My Soft Pretzel Challah is just about the most divine homemade bread recipe I have ever made. They are soft, moist, and ever so slightly chewy with that unmistakable classic pretzel taste. Click here for other Challah recipes.
Soft Pretzel Challah
Prep time
Cook time
Total time
Author: Chef Shosh
Serves: 2 Challah Loaves
Ingredients
- 2¼ tsp active dry yeast
- 1 cup warm water
- 1 tbsp unsalted butter, melted
- 1 tbsp sugar
- 1 tsp salt
- 3 ½ cups all-purpose flour
- 3 cups water
- ¼ cup baking soda
- 2 egg yolks plus 1 tbsp water for eggwash
- Toppings: coarse salt and sesame seeds
Instructions
- Combine yeast with warm water and sugar in the bowl of your stand mixer fitted with hook attachment.

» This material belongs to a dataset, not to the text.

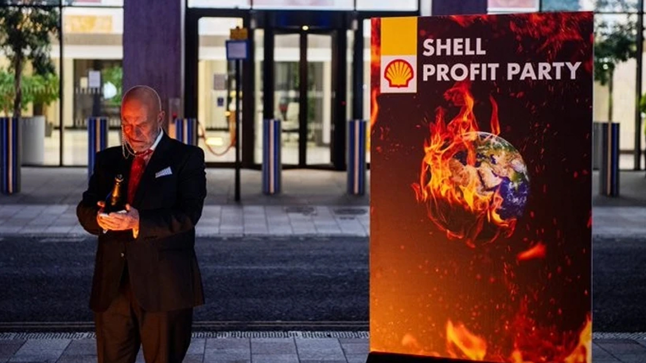 Cover Image: A protester pretends to celebrate outside Shell’s London headquarters. (Photo: Greenpeace U.K./X)

- Once mixture bubbles, stir in salt and melted butter.
- Add flour gradually until a ball of dough forms and is no longer sticky.
- Knead dough for 5 more minutes until smooth and pliable.
- Form dough into a ball and place it into a greased bowl to rest for about 30 minutes.
- As dough rises, prepare baking soda bath.
- In a large pot, bring water with baking soda to a boil.
- Once dough has finished resting, remove dough from bowl and cut into 2 equal halves.
- Braid two challah loaves from the two equal portions of dough.
- Once challah loaves are braided, carefully place one into pot of boiling baking soda water using a large spatula.
- Leave in boiling water for about 30 seconds, making sure the entire loaf is submerged.
- Carefully remove the loaf with spatula and gently place on a parchment-covered baking sheet.
- Repeat steps with second challah loaf.
- Preheat oven to 450 degrees F.
- Brush both loaves with eggwash and sprinkle with coarse salt and/or sesame seeds. Bake for about 20 minutes or until challah loaves are a dark brown color.